Although initially developed in relation to younger adults living with mental health challenges, their relevance in relation to older people and those living with dementia is increasingly being recognised, initially by Bob Woods[ii] in 2007 and subsequently by people like Laura Hill and Stephanie Daley and their Colleagues[iii]. A diagnosis of dementia is, for most people and those who are close to them, a catastrophic and life-changing event: people living with dementia also face the challenge of living a meaningful, valued and contributing life.

Recovery is not a ‘model of care’, or something that services do to people.  It describes a personal journey of discovery: growing within and beyond what has happened and ‘living well’.  The question for services and supporters is whether they assist people in realising their possibilities.  Ideas about recovery challenge traditional ‘clinical approaches by replacing a focus on deficits, dysfunctions and problems with a focus on strengths and possibilities.  However, much work on recovery views the journey in purely individual terms.  This is a mistake[iv].  Recovery may be a personal journey, but it is not a journey travelled alone.  It is a journey travelled in the context of a family, a social network, a community, a culture, a place … all of which define the meaning of the diagnosis and the resources and possibilities for rebuilding a meaningful, valued and satisfying life.[v]

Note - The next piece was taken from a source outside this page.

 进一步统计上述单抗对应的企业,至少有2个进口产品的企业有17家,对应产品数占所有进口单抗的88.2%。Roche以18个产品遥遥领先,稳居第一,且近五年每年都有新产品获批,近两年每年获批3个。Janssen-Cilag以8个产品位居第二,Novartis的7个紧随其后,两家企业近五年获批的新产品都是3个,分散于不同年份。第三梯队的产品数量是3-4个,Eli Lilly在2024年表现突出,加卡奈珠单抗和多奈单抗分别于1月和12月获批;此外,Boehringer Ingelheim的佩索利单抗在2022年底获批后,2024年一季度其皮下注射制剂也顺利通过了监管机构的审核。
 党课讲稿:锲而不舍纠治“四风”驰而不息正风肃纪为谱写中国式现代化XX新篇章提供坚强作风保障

In this context the rights based approaches founded on a social model of disability[vi] that have developed in parallel with ideas about recovery are important.   Too often, within the prevailing clinical framework, people living with dementia are presented as ‘victims’ or ‘sufferers’ who are unable to speak for themselves, have little useful to contribute and are therefore denied a voice[vii].  We need to think about recovery in the context of a rights based approach rooted in a social model of disability: start from the perspective of people living with dementia as citizens with rights who are deserving of respect, and focus less on ‘care’ and more on ‘opportunity’ and the support/adjustments that people need to use their skills, do the things they value and be a valued part of our communities.  Such rights are recognised in the GB Equality Act and the United Nations Convention on the Rights of Persons with Disabilities, both of which explicitly include dementia.

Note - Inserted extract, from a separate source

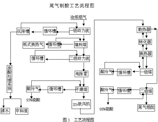 吐魯番工企礦冶有限公司銅冶煉廠,是新疆維吾爾自治區(qū)吐魯番地區(qū)較大的國有企業(yè),由于國家對銅冶煉尾氣處理的要求越來越高,公司領(lǐng)導(dǎo)在綜合考慮各方面的因素后,認(rèn)為單純處理尾氣,還不如變廢為寶,將尾氣凈化處理后,將其中的SO2轉(zhuǎn)變成硫酸,這樣即處理了尾氣,達(dá)到國家尾氣排放標(biāo)準(zhǔn),又派生出新產(chǎn)品硫酸,可以獲得新的經(jīng)濟(jì)效益,一舉兩得,是這次設(shè)備改造及尾氣處理的雙重收益。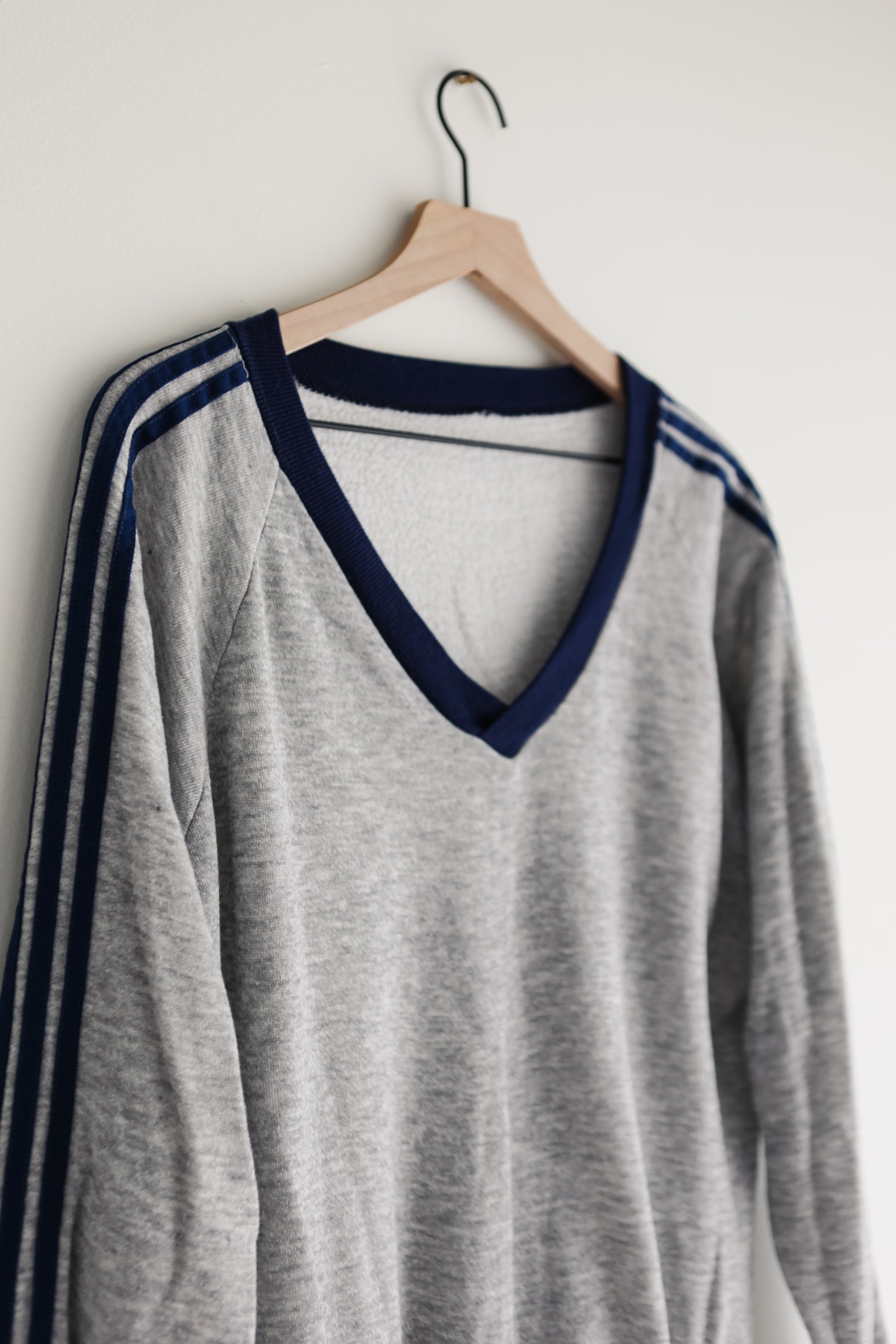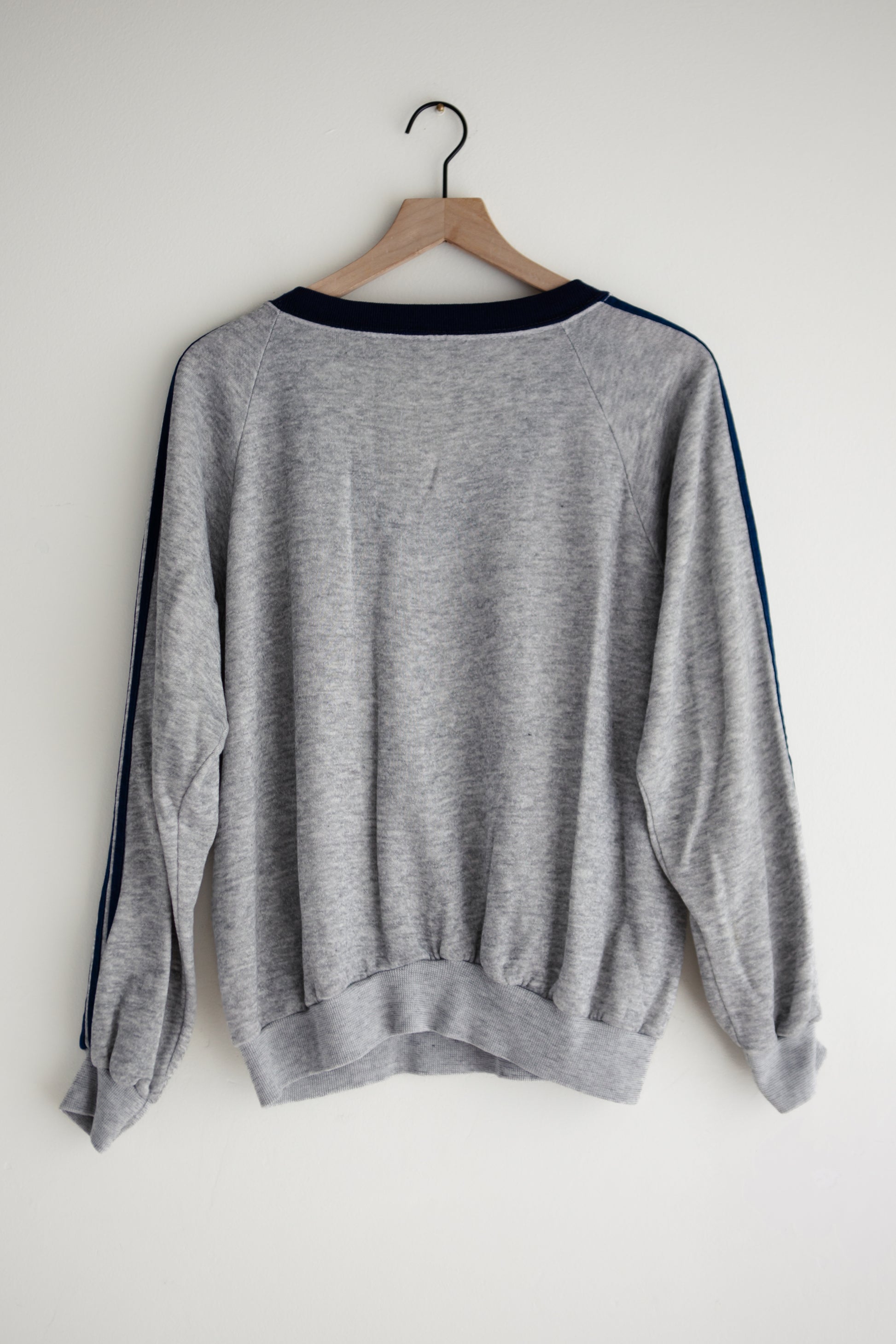 vintage heather grey soft cotton worn-in sweatshirt with navy striped raglan sleeve and

The relevance of a rights based social model of dementia was first explicitly recognised by the English Care Services Improvement Partnership ‘National Older People’s Mental Health Programme’ in 2007[viii], but most importantly by the movement of people with a diagnosis of dementia themselves, including the work of the Dementia Policy Think Tank: “The more we talk about and use the rights of people with dementia, the more our services, culture and attitudes will change for the better”[ix].


Based on the voices of people living with dementia and those who are close to them, this ImROC Briefing Paper – ‘Continuing to be me’: Recovering a Life with a Diagnosis of Dementiaaims to draw together and extend ideas about recovery and rights into a practical, informative and radical publication that challenges prevailing narratives and assumptions around dementia. Based firmly within a rights based framework, it explores the devastating impact of diagnosis, the search for meaning and purpose involved in making sense of that experience, and developing strategies/support that enable people with the diagnosis to do the things they value, retain choice and control over their lives and participate as valued citizens.  The importance of fostering hope/living positively, personal control, opportunity and participation – and ways in which these might be fostered – are explored.

While many things may be important in enabling people living with dementia to recover/retain a valued, meaningful and satisfying life, this requires that we change the narratives surrounding the diagnosis. From ‘victims’ to be pitied and cared for to valued ‘citizens’ with rights: rights to a voice, rights to participate, rights to the support and adjustments they need to do so, rights to dignity and respect. From images of dementia as ‘living death’ to ‘life’.  Life changes, but life goes on and that life can be a good life.

Please click here to view the ‘Continuing to be Me’ report.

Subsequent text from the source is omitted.